EXERCISE DIRECTIONS
No pictures go into the copy. Write out exactly the lines below from the one containing "Dati del telefono" through the one containing "De Diagono-collectie van".

Items from a data source
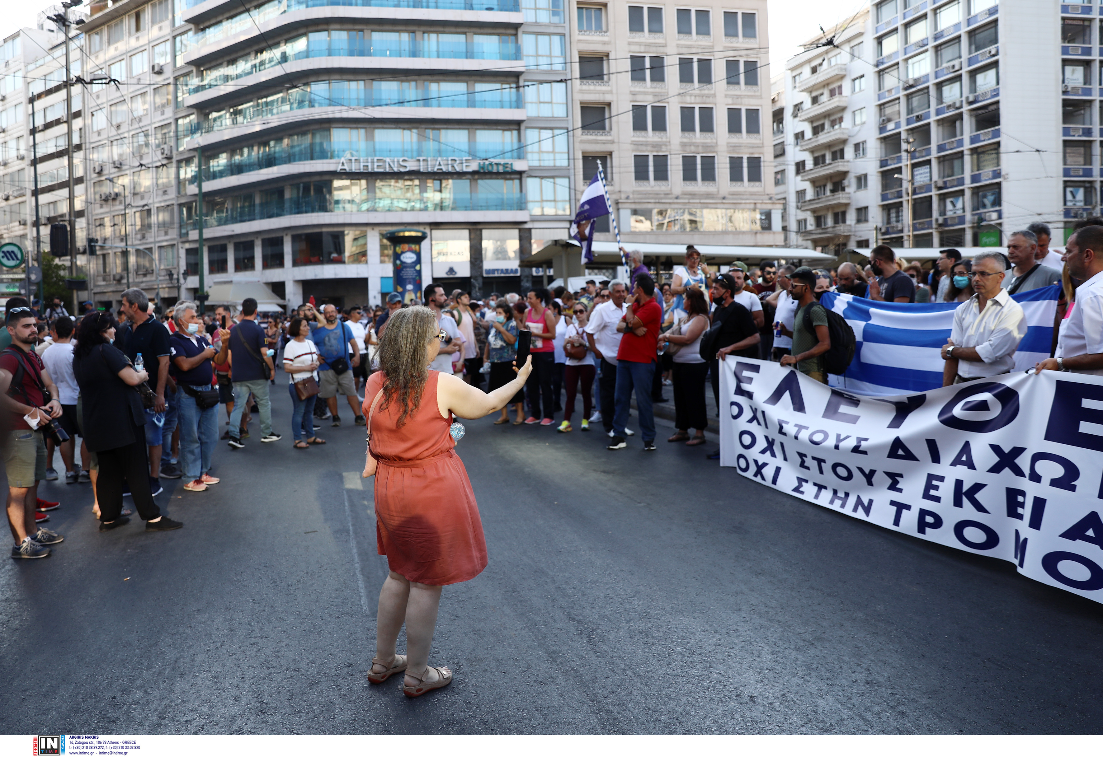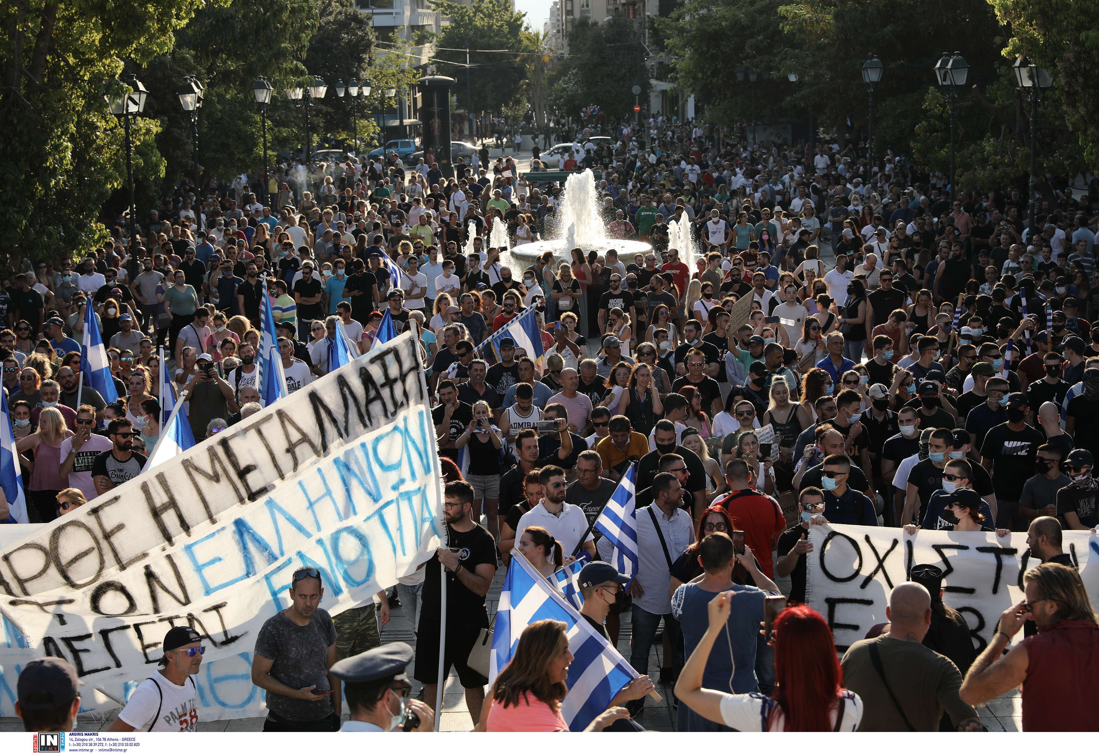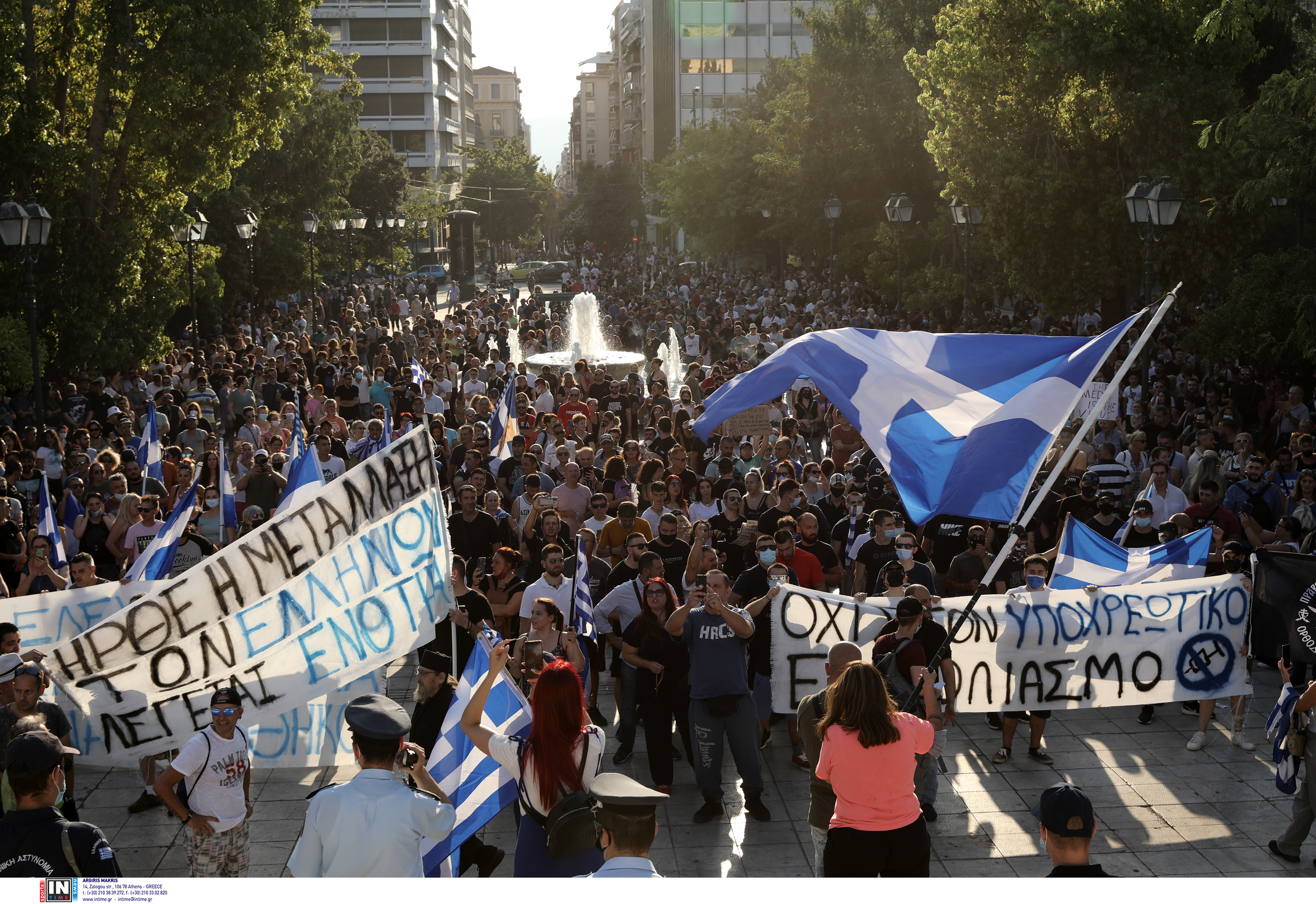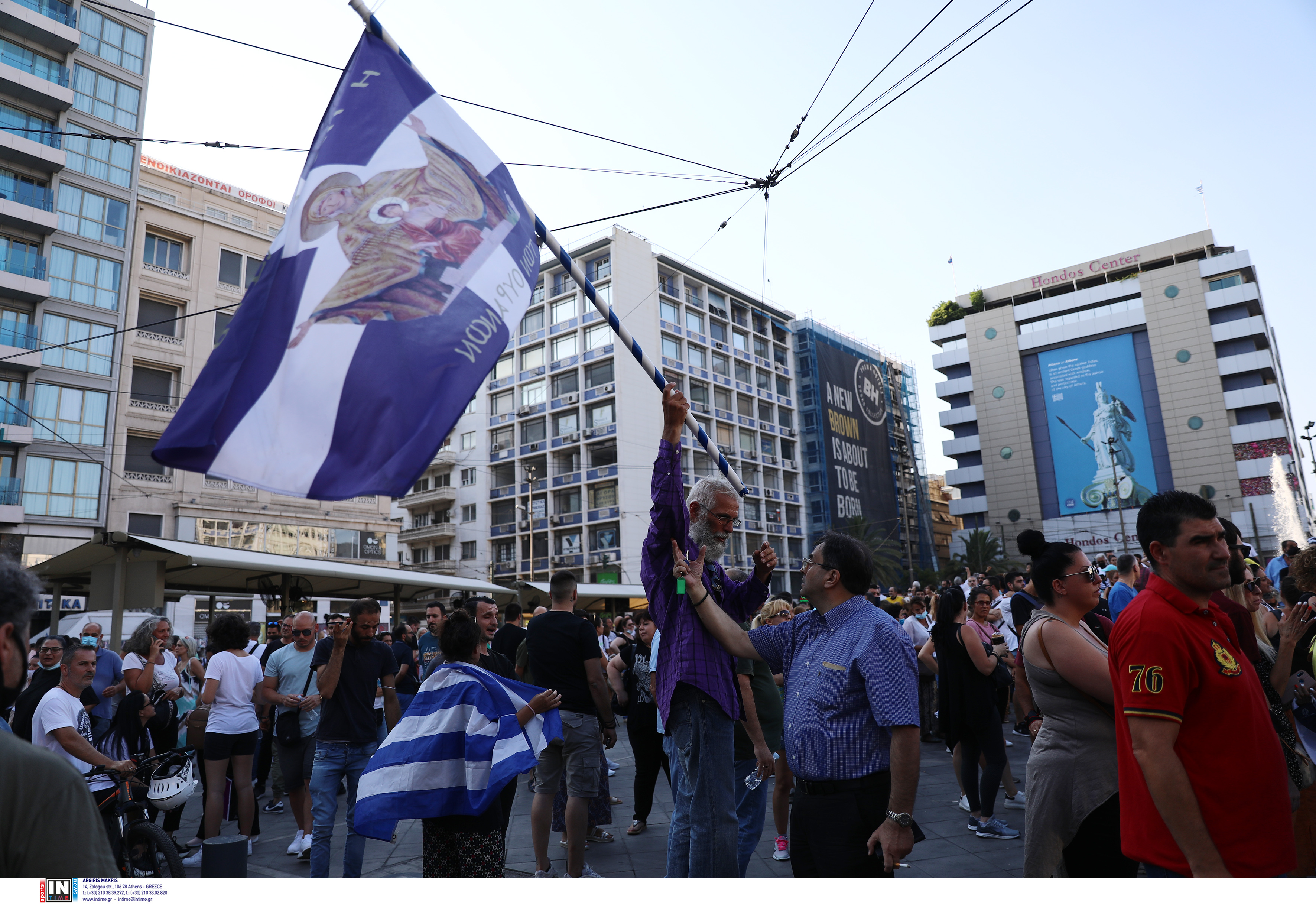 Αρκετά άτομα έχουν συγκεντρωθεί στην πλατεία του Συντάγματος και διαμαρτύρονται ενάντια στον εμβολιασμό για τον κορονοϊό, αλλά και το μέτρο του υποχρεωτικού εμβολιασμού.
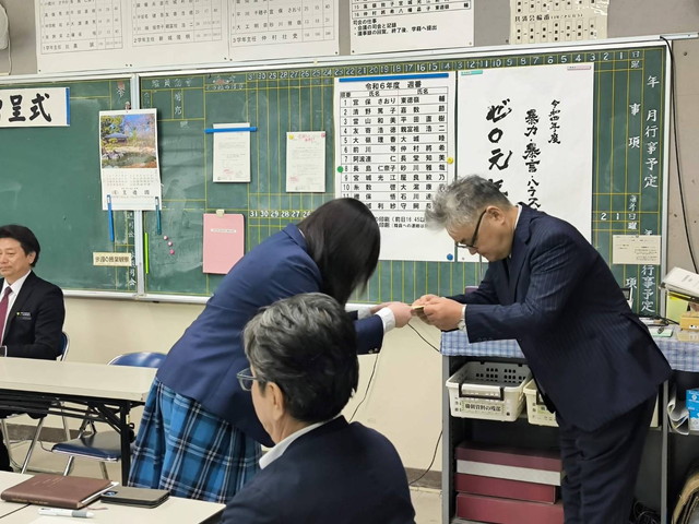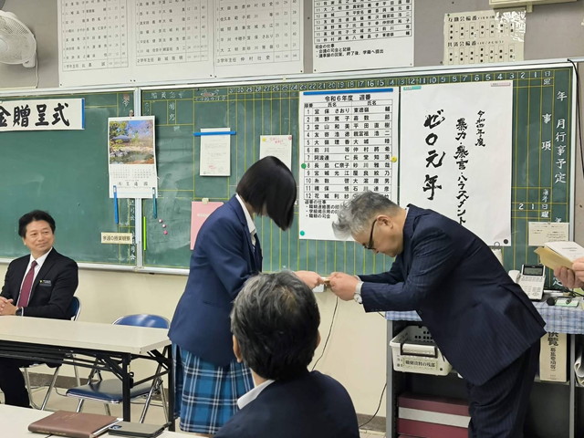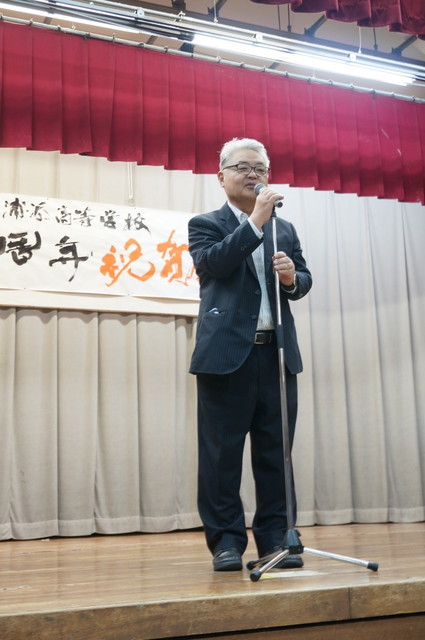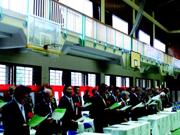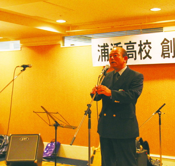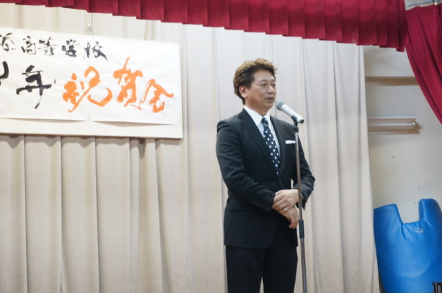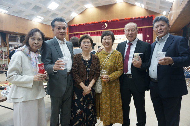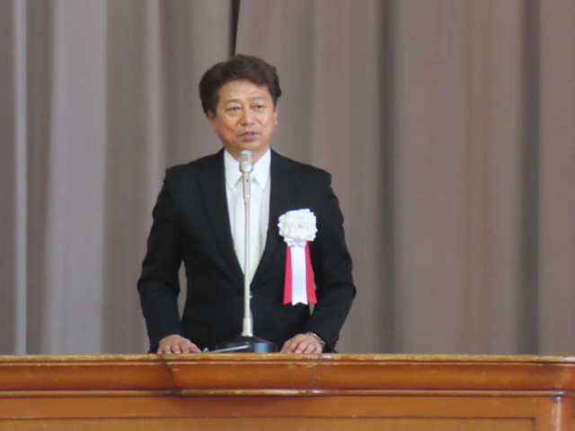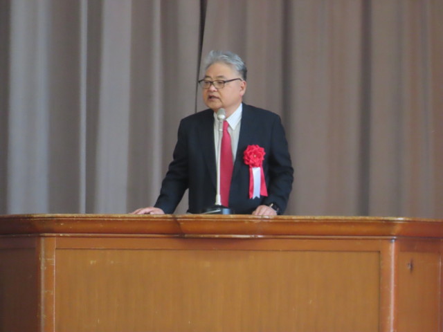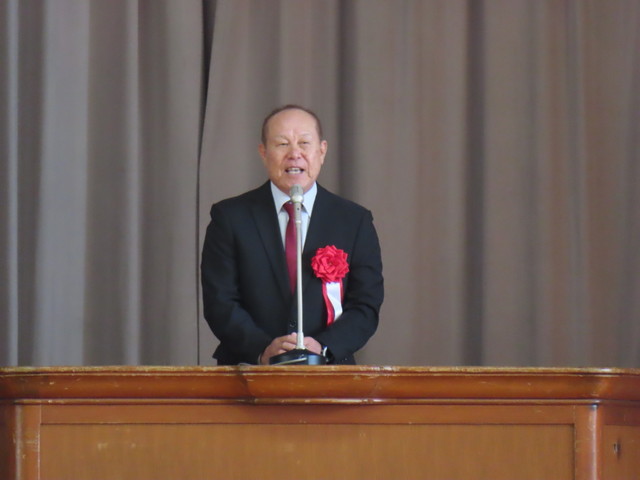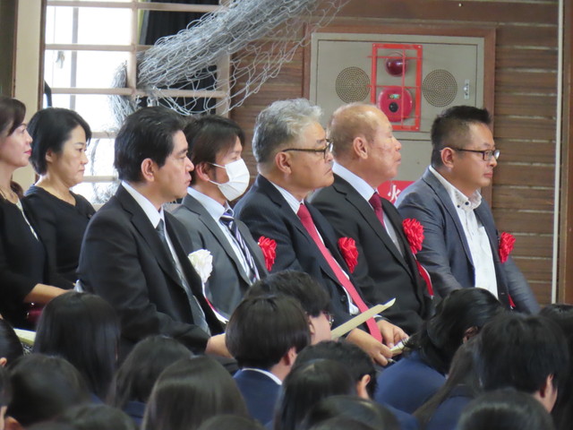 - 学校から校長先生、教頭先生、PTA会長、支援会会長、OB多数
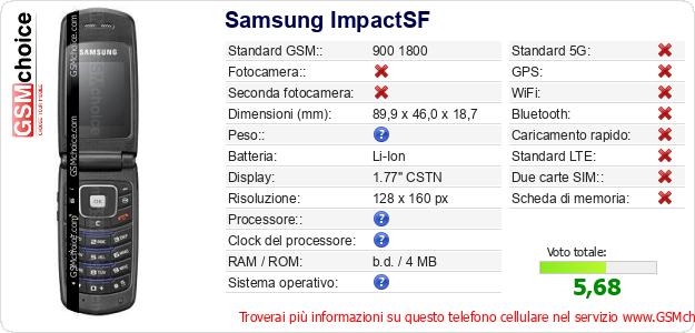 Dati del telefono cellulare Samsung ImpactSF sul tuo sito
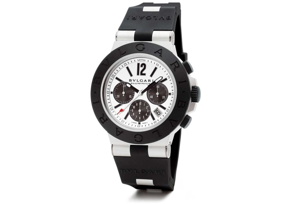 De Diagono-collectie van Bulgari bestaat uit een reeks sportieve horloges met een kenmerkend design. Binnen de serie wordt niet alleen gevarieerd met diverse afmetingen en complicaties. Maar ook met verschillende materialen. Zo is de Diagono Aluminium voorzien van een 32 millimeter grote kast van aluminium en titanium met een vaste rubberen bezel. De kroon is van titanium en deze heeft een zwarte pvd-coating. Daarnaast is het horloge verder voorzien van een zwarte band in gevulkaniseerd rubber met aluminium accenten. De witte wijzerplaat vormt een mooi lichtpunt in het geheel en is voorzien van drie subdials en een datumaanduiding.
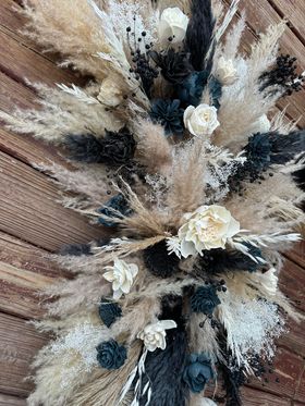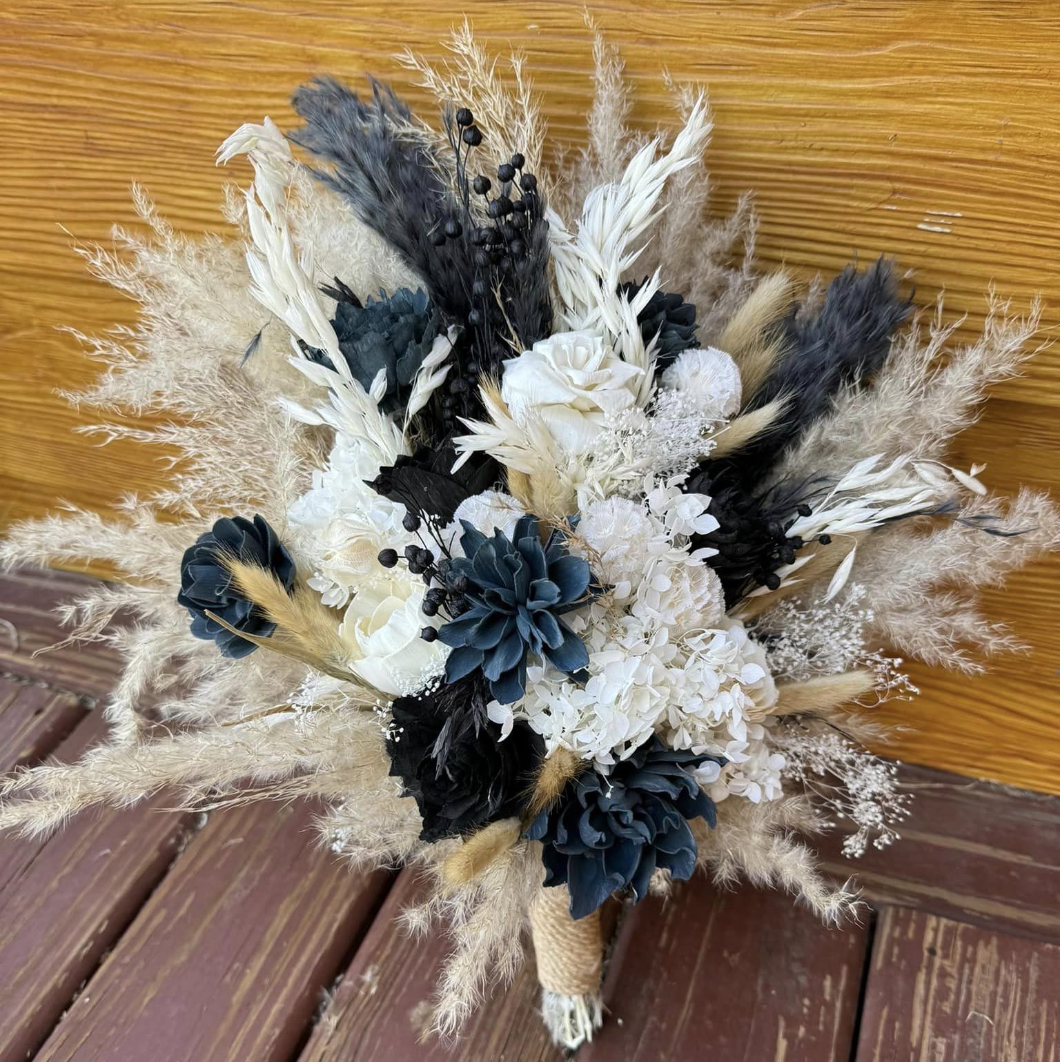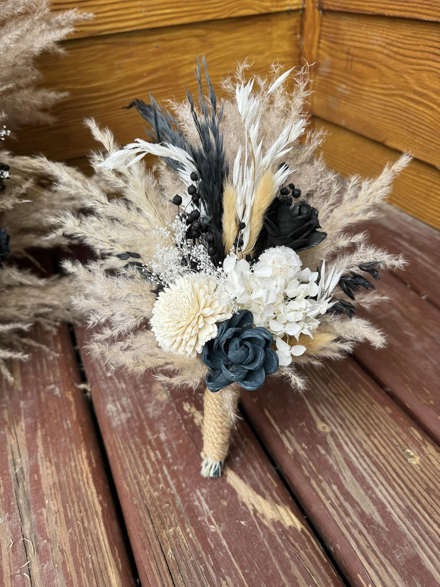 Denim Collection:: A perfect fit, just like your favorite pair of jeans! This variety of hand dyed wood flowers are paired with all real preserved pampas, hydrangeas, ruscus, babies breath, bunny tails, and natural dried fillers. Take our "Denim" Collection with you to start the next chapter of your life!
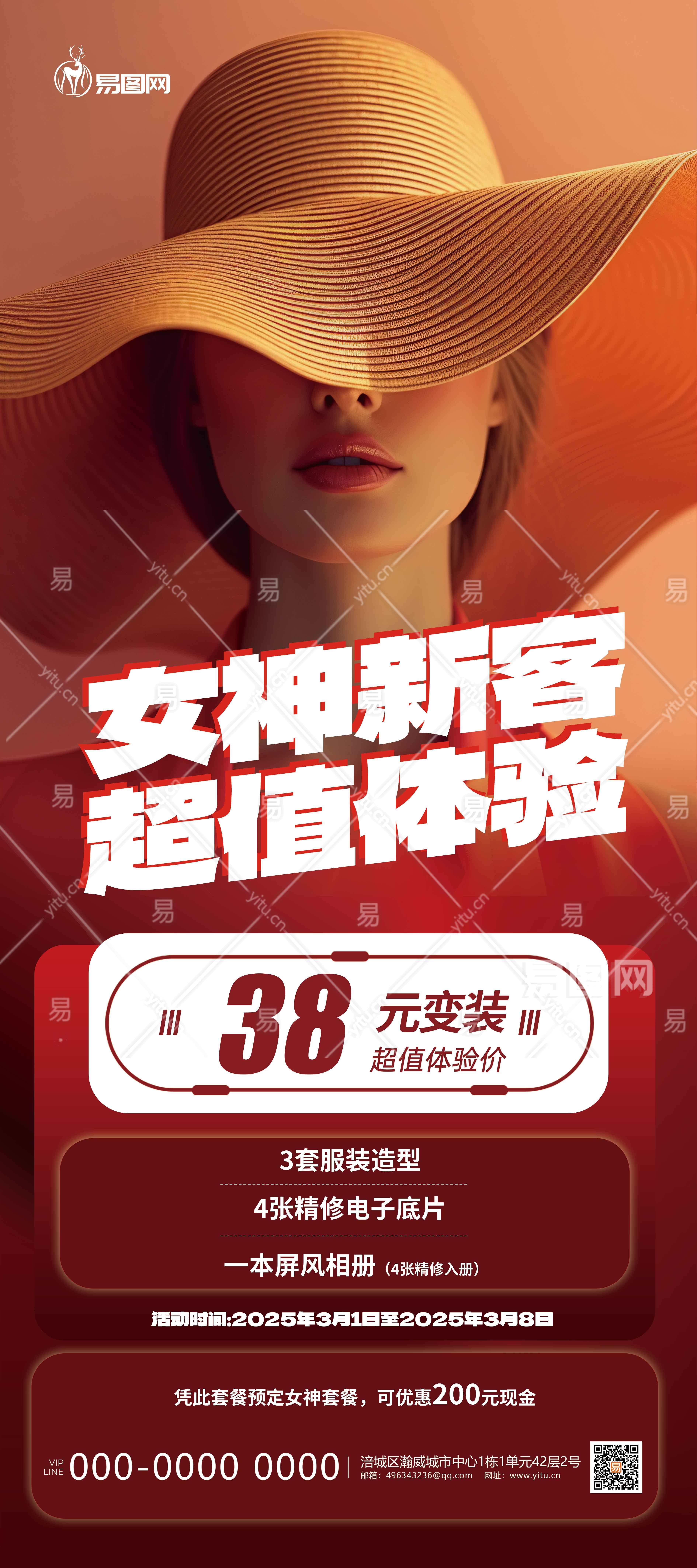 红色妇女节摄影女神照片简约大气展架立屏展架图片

EXERCISE ANSWER
 Dati del telefono cellulare Samsung ImpactSF sul tuo sito
 De Diagono-collectie van Bulgari bestaat uit een reeks sportieve horloges met een kenmerkend design. Binnen de serie wordt niet alleen gevarieerd met diverse afmetingen en complicaties. Maar ook met verschillende materialen. Zo is de Diagono Aluminium voorzien van een 32 millimeter grote kast van aluminium en titanium met een vaste rubberen bezel. De kroon is van titanium en deze heeft een zwarte pvd-coating. Daarnaast is het horloge verder voorzien van een zwarte band in gevulkaniseerd rubber met aluminium accenten. De witte wijzerplaat vormt een mooi lichtpunt in het geheel en is voorzien van drie subdials en een datumaanduiding.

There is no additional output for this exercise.